LISTED ENTRIES —
---

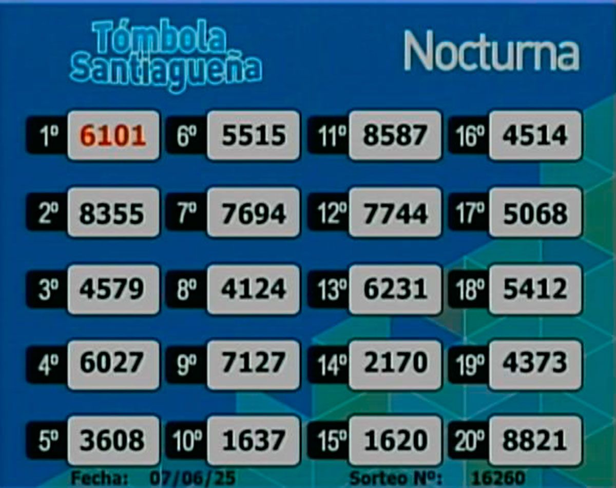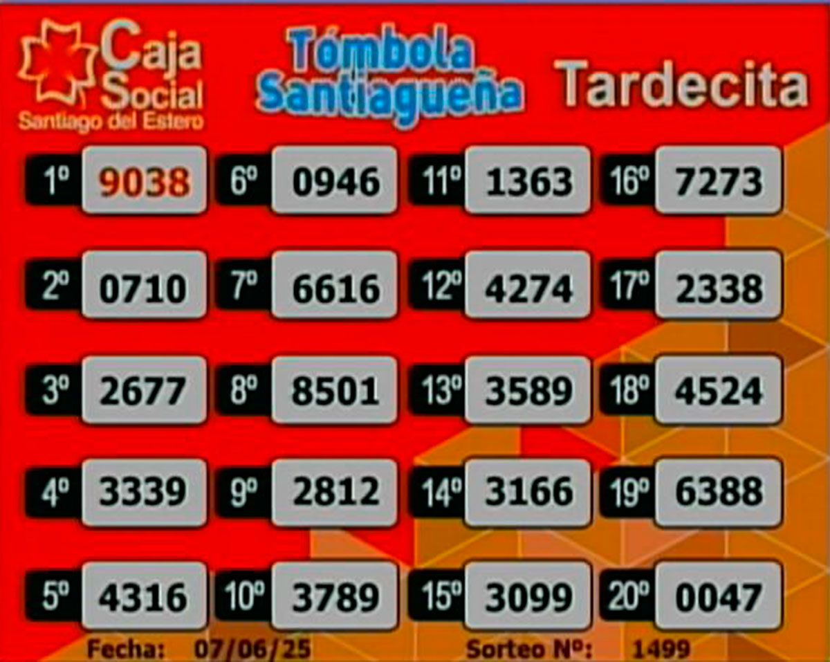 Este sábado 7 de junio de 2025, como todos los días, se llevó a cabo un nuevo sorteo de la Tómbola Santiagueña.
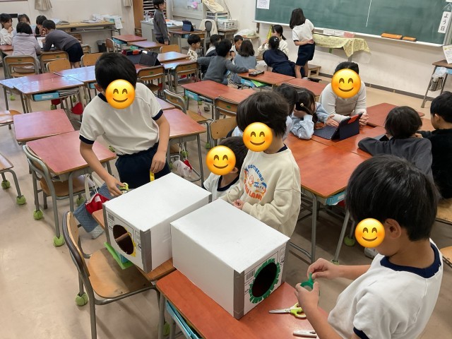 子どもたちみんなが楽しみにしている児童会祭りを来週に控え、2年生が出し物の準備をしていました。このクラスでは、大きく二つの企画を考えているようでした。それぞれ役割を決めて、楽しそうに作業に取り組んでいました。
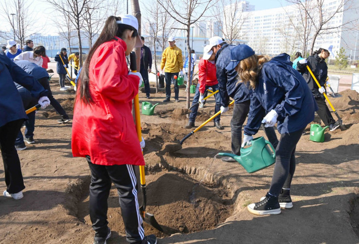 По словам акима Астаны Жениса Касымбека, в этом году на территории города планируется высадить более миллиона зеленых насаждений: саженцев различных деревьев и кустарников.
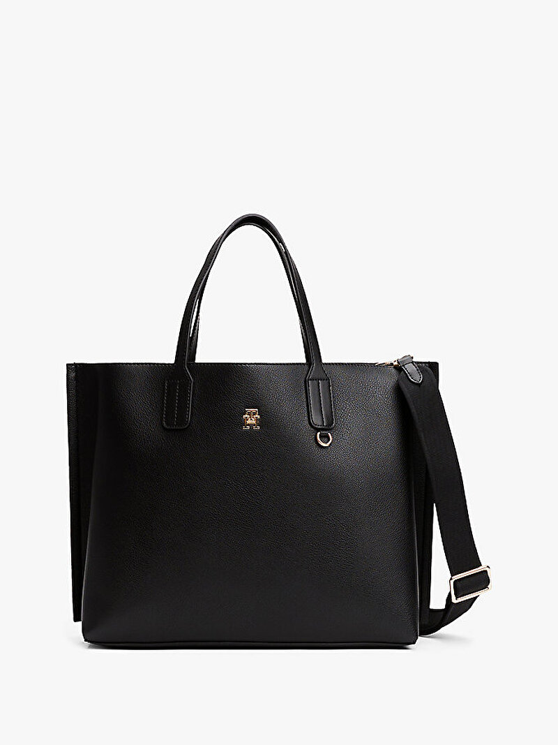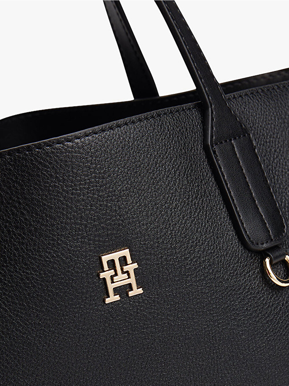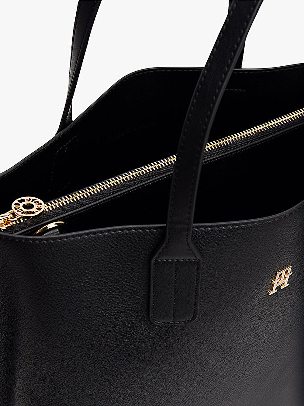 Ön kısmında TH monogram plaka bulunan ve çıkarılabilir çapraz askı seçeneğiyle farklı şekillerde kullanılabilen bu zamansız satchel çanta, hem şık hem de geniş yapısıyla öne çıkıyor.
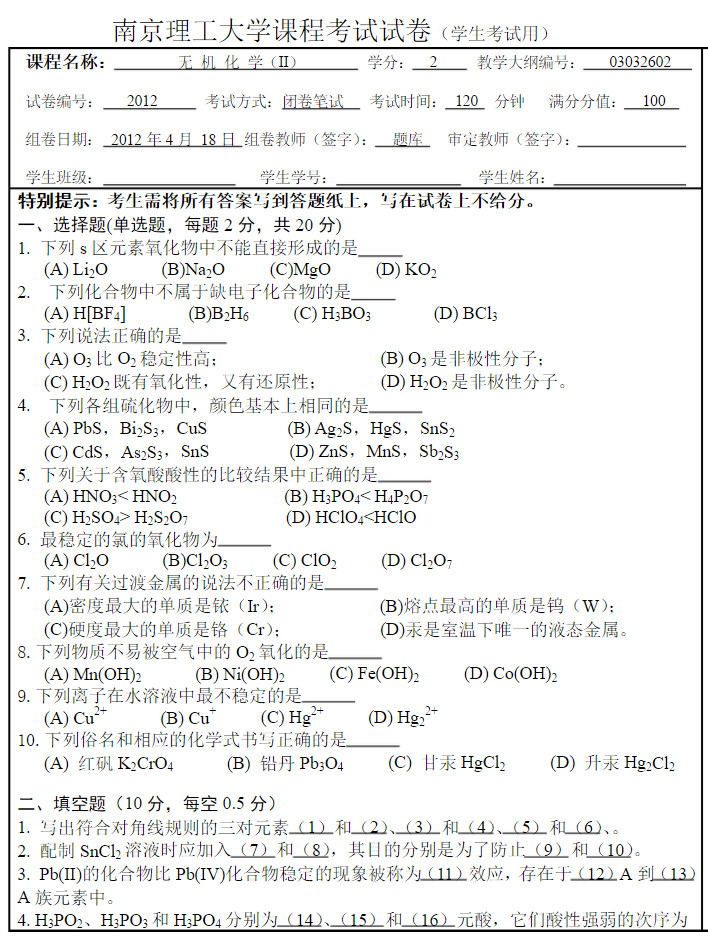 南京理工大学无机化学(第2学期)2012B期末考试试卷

---

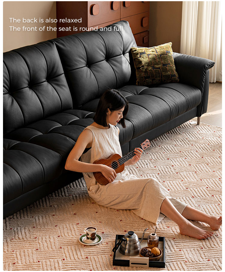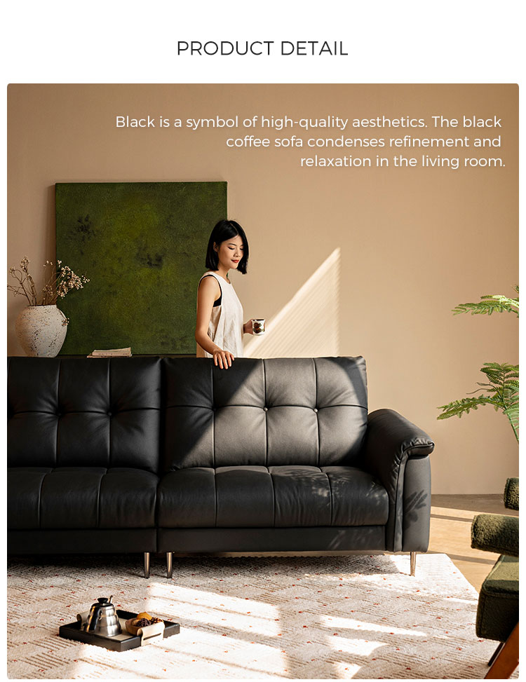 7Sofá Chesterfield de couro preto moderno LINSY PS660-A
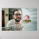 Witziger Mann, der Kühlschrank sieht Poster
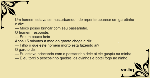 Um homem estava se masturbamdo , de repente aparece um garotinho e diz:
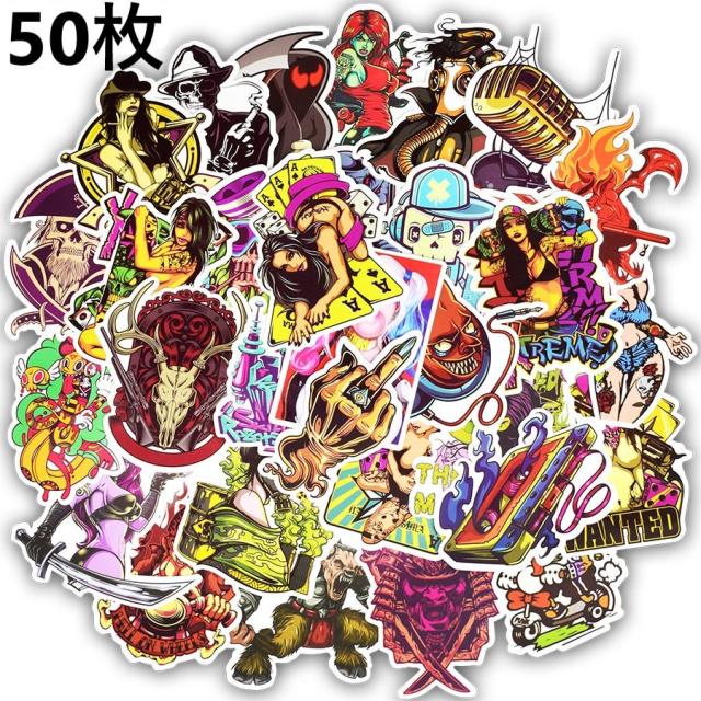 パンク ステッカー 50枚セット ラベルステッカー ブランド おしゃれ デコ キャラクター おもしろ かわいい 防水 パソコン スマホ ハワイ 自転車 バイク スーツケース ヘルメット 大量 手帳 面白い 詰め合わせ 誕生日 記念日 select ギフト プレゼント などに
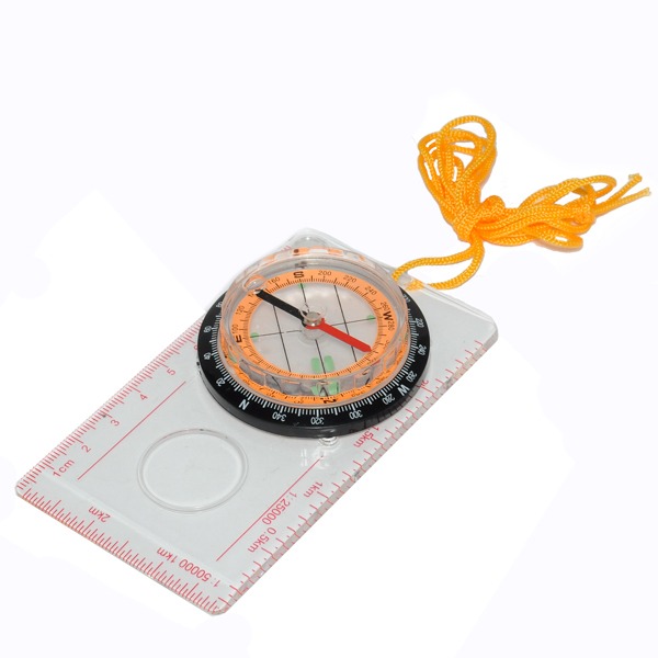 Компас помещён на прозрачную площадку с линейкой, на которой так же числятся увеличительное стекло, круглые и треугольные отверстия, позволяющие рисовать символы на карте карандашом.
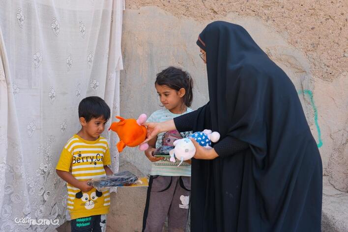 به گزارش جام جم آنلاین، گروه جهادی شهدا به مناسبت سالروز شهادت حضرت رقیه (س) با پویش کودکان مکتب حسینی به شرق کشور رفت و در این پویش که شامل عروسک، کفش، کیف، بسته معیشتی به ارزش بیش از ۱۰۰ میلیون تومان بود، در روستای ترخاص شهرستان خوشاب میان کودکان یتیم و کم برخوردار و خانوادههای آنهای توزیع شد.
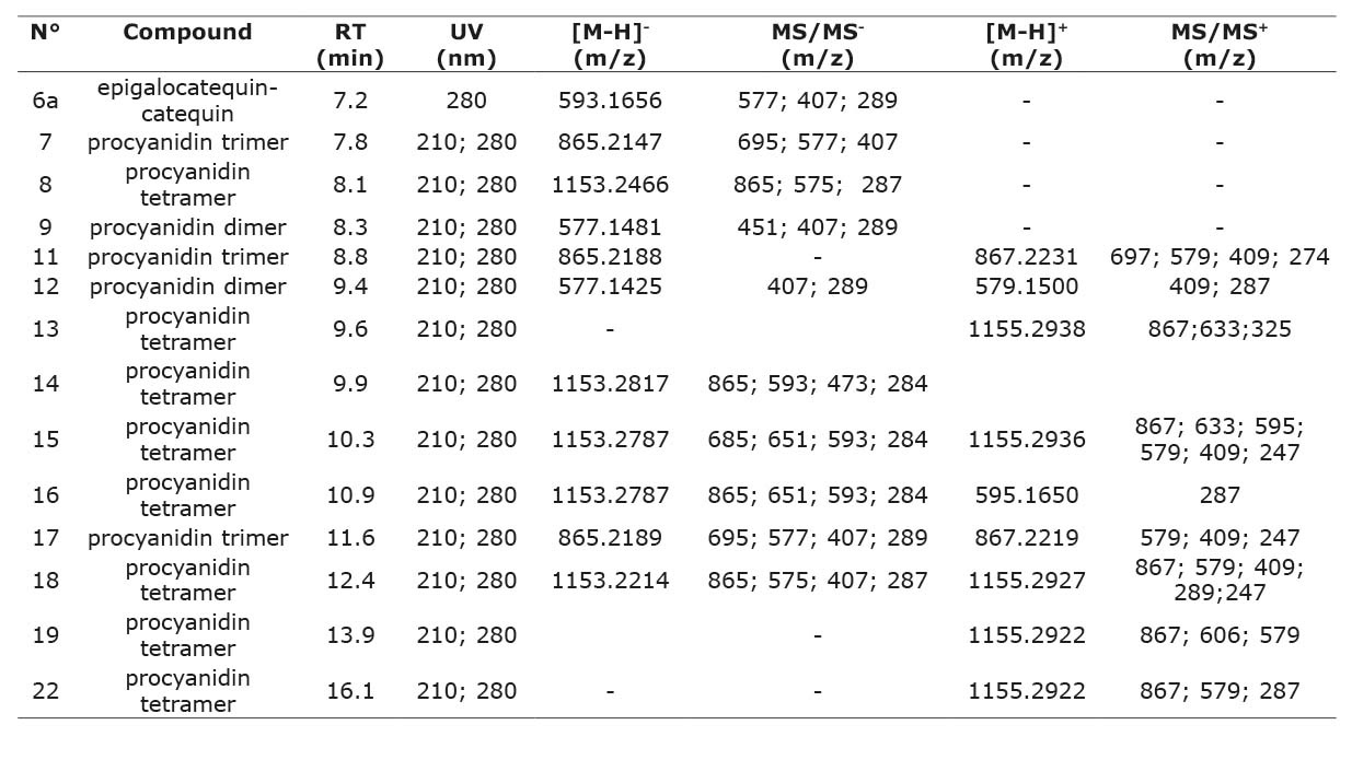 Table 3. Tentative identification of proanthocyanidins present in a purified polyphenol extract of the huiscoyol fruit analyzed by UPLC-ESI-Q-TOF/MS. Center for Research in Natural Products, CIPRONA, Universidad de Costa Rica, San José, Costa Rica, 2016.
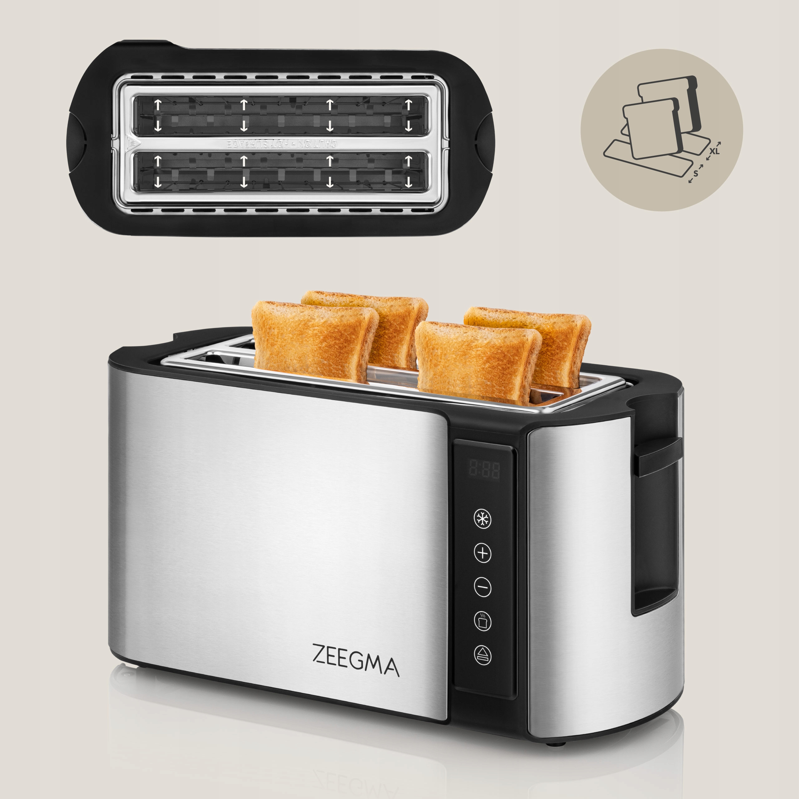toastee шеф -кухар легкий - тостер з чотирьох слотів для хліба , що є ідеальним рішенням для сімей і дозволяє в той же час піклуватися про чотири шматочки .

---

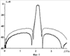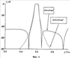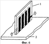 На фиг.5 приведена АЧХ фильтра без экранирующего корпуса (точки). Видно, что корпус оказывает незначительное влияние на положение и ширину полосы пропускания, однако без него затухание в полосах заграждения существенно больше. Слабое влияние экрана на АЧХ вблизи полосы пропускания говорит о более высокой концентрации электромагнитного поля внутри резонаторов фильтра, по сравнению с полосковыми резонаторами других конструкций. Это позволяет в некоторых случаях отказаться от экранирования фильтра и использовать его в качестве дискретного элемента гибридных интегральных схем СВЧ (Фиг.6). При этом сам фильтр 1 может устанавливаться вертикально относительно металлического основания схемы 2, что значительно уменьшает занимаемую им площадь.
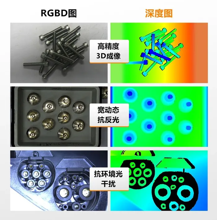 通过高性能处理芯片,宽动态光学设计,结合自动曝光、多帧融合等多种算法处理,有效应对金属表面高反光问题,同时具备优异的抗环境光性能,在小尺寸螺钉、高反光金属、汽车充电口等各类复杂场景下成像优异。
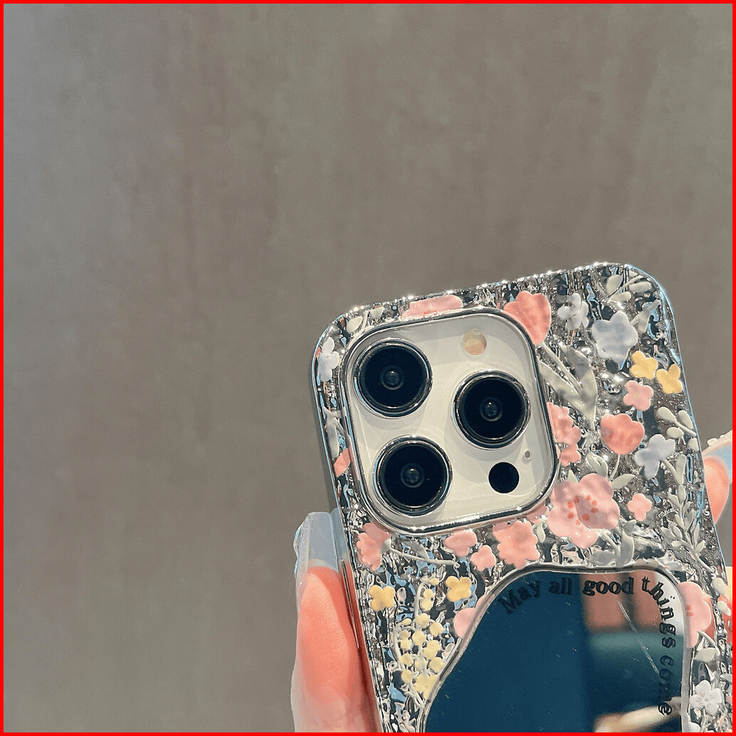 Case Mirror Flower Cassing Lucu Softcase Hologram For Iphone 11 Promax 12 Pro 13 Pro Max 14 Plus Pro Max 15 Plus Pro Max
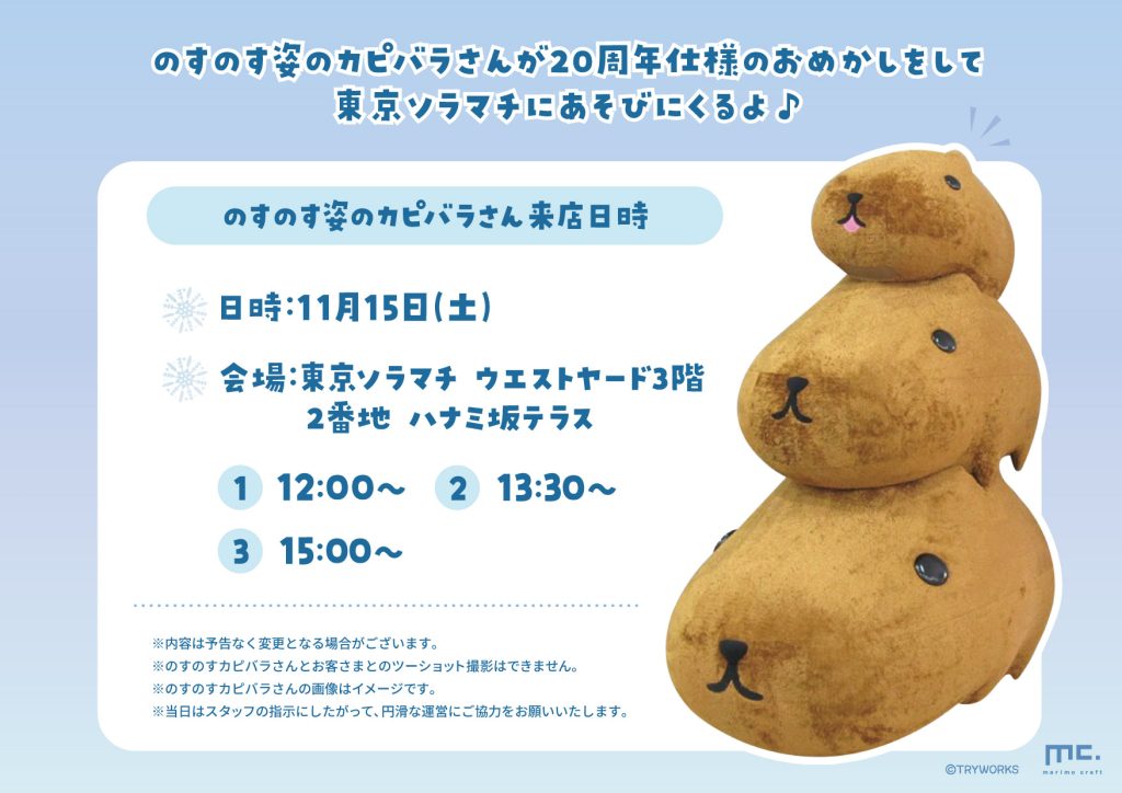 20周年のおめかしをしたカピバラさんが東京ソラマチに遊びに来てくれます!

---

Using the records above, return word for word the lines that begin at the one containing "7Sofá Chesterfield de" and end at the one containing "toastee шеф -кухар", both of them included and no pictures.

RESPONSE AREA —
 7Sofá Chesterfield de couro preto moderno LINSY PS660-A
 Witziger Mann, der Kühlschrank sieht Poster
 Um homem estava se masturbamdo , de repente aparece um garotinho e diz:
 パンク ステッカー 50枚セット ラベルステッカー ブランド おしゃれ デコ キャラクター おもしろ かわいい 防水 パソコン スマホ ハワイ 自転車 バイク スーツケース ヘルメット 大量 手帳 面白い 詰め合わせ 誕生日 記念日 select ギフト プレゼント などに
 Компас помещён на прозрачную площадку с линейкой, на которой так же числятся увеличительное стекло, круглые и треугольные отверстия, позволяющие рисовать символы на карте карандашом.
 به گزارش جام جم آنلاین، گروه جهادی شهدا به مناسبت سالروز شهادت حضرت رقیه (س) با پویش کودکان مکتب حسینی به شرق کشور رفت و در این پویش که شامل عروسک، کفش، کیف، بسته معیشتی به ارزش بیش از ۱۰۰ میلیون تومان بود، در روستای ترخاص شهرستان خوشاب میان کودکان یتیم و کم برخوردار و خانوادههای آنهای توزیع شد.
 Table 3. Tentative identification of proanthocyanidins present in a purified polyphenol extract of the huiscoyol fruit analyzed by UPLC-ESI-Q-TOF/MS. Center for Research in Natural Products, CIPRONA, Universidad de Costa Rica, San José, Costa Rica, 2016.
toastee шеф -кухар легкий - тостер з чотирьох слотів для хліба , що є ідеальним рішенням для сімей і дозволяє в той же час піклуватися про чотири шматочки .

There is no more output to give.